In a post on Fannie Mae’s Perspectives blog, Fannie Mae VP of Single-Family Risk Management Jude Landis discussed the strengths of the current mortgage market, boosted by advancements in technology, underwriting and quality control since 2008.

“Lenders have strengthened their mortgage origination processes, including improved underwriting and collateral assessment,” said Landis. “Additionally, appropriate regulations, such as the ability-to-repay and qualified mortgage rules, have formed guardrails for mortgage lending standards that did not exist 10 years ago.”

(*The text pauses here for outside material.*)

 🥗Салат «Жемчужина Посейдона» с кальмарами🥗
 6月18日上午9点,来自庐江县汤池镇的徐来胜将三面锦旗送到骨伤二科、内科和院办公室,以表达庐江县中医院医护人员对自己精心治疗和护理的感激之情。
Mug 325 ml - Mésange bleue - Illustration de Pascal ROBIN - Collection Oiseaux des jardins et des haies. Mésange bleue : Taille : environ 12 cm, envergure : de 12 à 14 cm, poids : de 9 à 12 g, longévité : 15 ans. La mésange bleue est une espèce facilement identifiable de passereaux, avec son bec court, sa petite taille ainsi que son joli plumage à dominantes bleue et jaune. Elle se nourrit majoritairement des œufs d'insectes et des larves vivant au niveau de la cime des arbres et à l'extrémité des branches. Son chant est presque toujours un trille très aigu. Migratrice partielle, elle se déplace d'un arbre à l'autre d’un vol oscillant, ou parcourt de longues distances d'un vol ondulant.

According to Landis, the safety of the mortgage market has been improved by changes in credit eligibility standards following the 2008 crisis. For example, Fannie Mae now no longer purchases newly originated low- or no-credit documentation, negatively amortizing, or interest-only single-family loans, nor single-family loans with prepayment penalties or balloon payment features, which Landis says fosters “sustainable homeownership while continuing to provide opportunities for creditworthy borrowers to obtain financing and become homeowners.”

Read more: DSNews


UBS: The housing markets in these 6 cities are closest to a bubble

Housing costs are rising in almost every major city in the world. At least six are at risk of being in a bubble, defined as a persistent rise in prices to the point where properties are well above their fundamental value.

“Most households can no longer afford to buy property in the top financial centers without a substantial inheritance,” UBS said in its 2018 Global Real Estate Bubble Index.

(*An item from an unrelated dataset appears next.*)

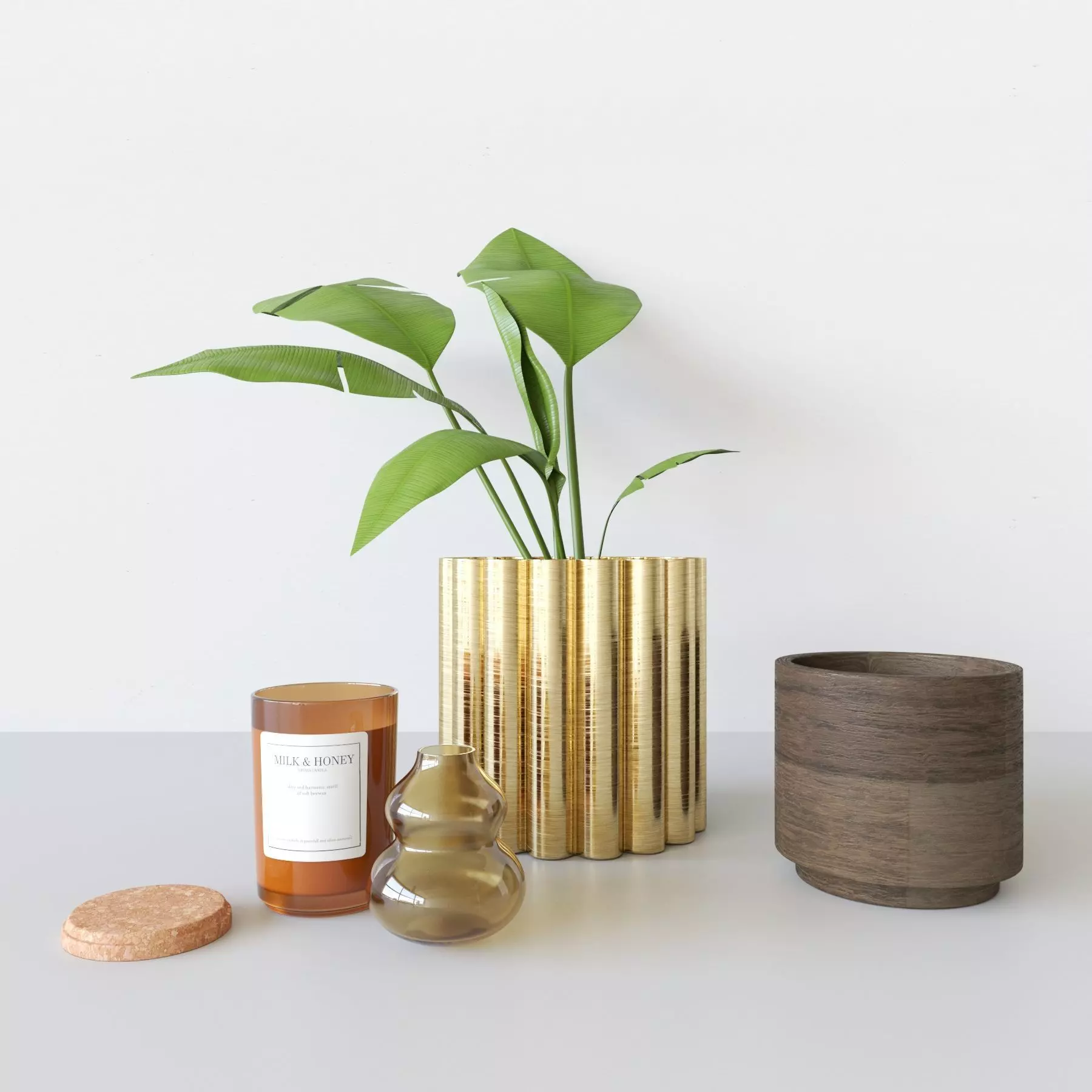 This is a realistic looking 3d model of a decorationset with a plant, vase, candle and bowl.

“Rents continue to consume a significant share of income.” Policymakers will be required to intervene in affordability crises, by granting subsidies to first-time homebuyers, for example.

But other policies could be more detrimental, UBS said. If governments impose heavy property taxes in expensive cities, they could chase away foreign investors. They could also cause prices to plummet too quickly, hurting existing homeowners who want to sell.

Bubbles are often hard to identify until they burst, but UBS has handpicked six cities that are at “bubble risk.” Only two of the major cities they examined — Boston and Singapore — were considered “fairly valued.” Here’s the list of cities on bubble watch in ascending order:

  1. London
  2. Amsterdam
  3. Vancouver
  4. Toronto
  5. Munich
  6. Hong Kong

Read more: Business Insider


The impact of a sellers’ market on home sales

Pending home sales dropped slightly in August according to the National Association of Realtors (NAR). The NAR Pending Home Sales Index has now decreased on an annual basis for eight straight months, down 1.8 percent to 104.2 in August from 106.1 in July. Additionally, contract signings are down 2.3 percent year over year.

According to Lawrence Yun, NAR Chief Economist, the housing market slowdown has been impacted in part by the low inventory.

“Pending home sales continued a slow drip downward, with the fourth month over month decline in the past five months,” said Yun.

“Contract signings also fell backward again last month, as declines in the West negatively impacted overall activity,” he added. “The greatest decline occurred in the West region where prices have shot up significantly, which clearly indicates that affordability is hindering buyers and those affordability issues come from lack of inventory, particularly in moderate price points.”